I cannot tell you the number of deeply serving, kind people I have met who are absolutely hell on themselves. But if God’s love is unconditional, unearned and unmerited, cut it out. We’re not allowed to devalue ourselves if God loves us. And, I might add, that covers a world of behaviors that have tremendous potential to do damage to ourselves.
And if grace is true, then we have real community. Here’s how that works: God loves you, God loves me, we love God – we call that church. And that means we gather together to be fed; to be allowed to bring God’s healing to each other. You can’t reach out to me to offer me God’s healing touch on my life when I’m going through a hard time if I’m not present with you. And vice versa. We gather together week in and week out so that by the power of our presence with each other we are able to touch one another with God’s power. That’s the maintenance of divine worship, by the way.
And on the topic of healing, we have to gather and seek God’s healing upon our lives so that we can in turn bring healing to the world. Did you know that’s what mission is? All the stuff we try to do for mission –maybe it feels sometimes like there’s just one more thing we need to bring – the canned goods, the starch for 30, the pajamas, the checks – we’re bringing them so that we can participate in God’s healing work in the world. God is using us to bring the things that bring healing! I have chapel time with our preschool three and four year olds once a month. We read a story, sing some songs, have a prayer – and the preschool children brought deodorant to chapel last Wednesday, isn’t that wonderful?
It is wonderful because God knows that people need deodorant! And toothpaste, and can-openers.
Oh, I get that this may sound a little idealistic, a little airy-fairy, like some deodorant is going to solve the problems of substandard housing, substandard mental health-care, and just flat out bad luck that beats people down, but if we are living as if grace is true, then what our preschoolers are doing is nothing less than the exhibition of the kingdom of heaven to the world.
As long as we speak a word of grace to a hurting world, we need never worry about relevance.
And yes, this is completely impractical.
But it is how God is working redemption in the world. And it is the Holy Spirit drawing, tugging, pulling, cramming us forward to be God’s people.
And here’s the truth of it all: every one of us will need to see redemption sometime.

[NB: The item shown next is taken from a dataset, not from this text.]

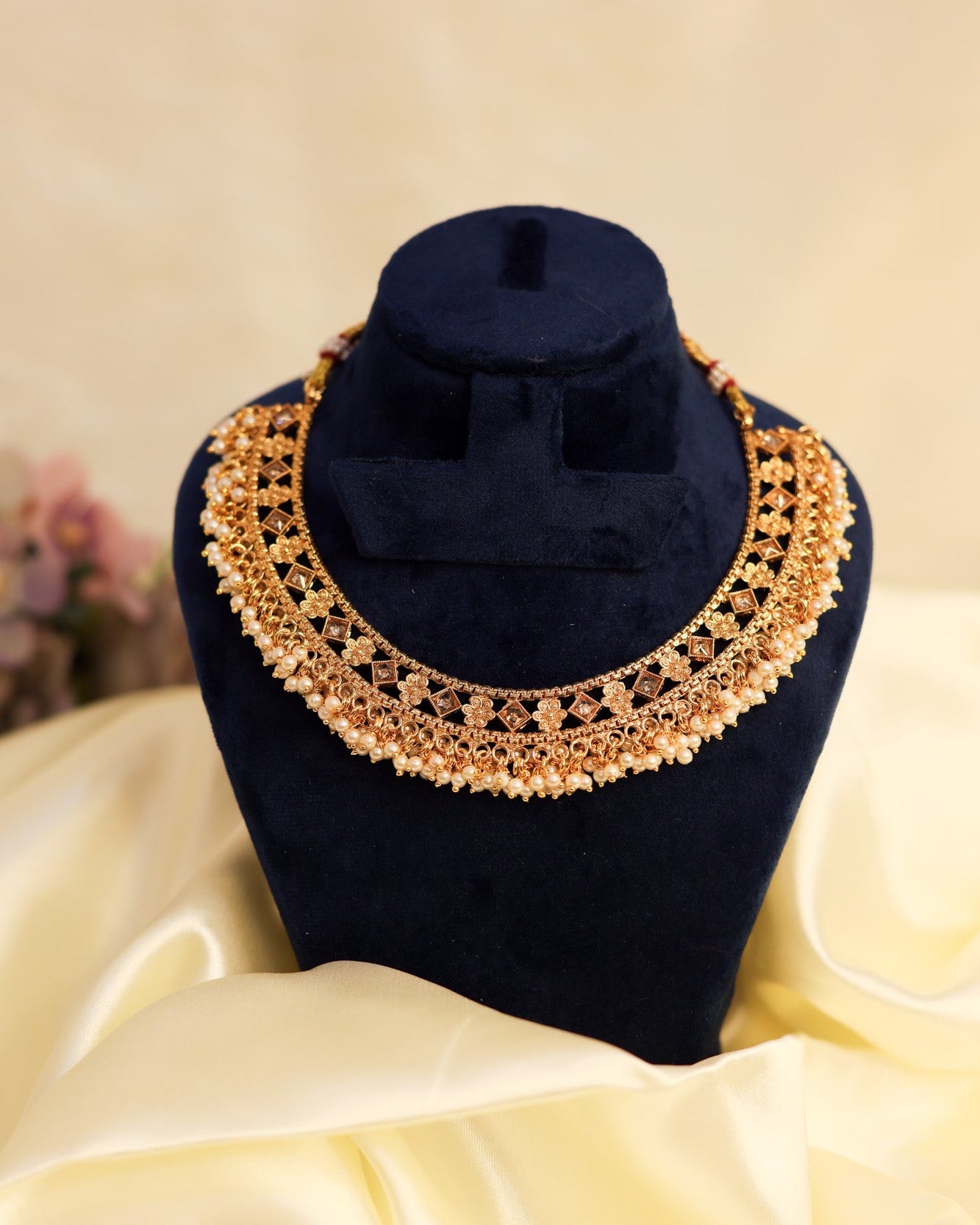 Every detail is designed to be skin-safe and feather-light, so you can wear it for hours and feel nothing but elegance. Pearls and kundan sparkle together like droplets of moonlight, making this necklace not just jewellery — but a poetic ode to radiance.

That’s the difference between believing in Zeus or Jupiter and following the Christian faith – God’s grace is the healing word that brings redemption.
I think Anne Lamott puts it better than I do with this story:
A police officer was driving his beat and he noticed a young girl in distress. What was clear was that she was lost. So he stopped the car, and got out, and said, “little girl, I will take you home if you will tell me your address.” Well, she couldn’t remember her address, and she was inconsolable. So the officer got her in the car and said, “we’ll just drive around and maybe you will remember it.” Well, they drove and drove and she couldn’t remember it, she just couldn’t remember it. The longer they drove the more upset she became because in her young mind, she was never going to get home. And then there was a moment that was perfect, pure peace, relief flooded into her eyes, and she said, “you can let me out now. I see the steeple of my church, and I know the way home from here.”
That is what church is for.
In the name of the Father, and of the Son, and of the Holy Ghost, Amen.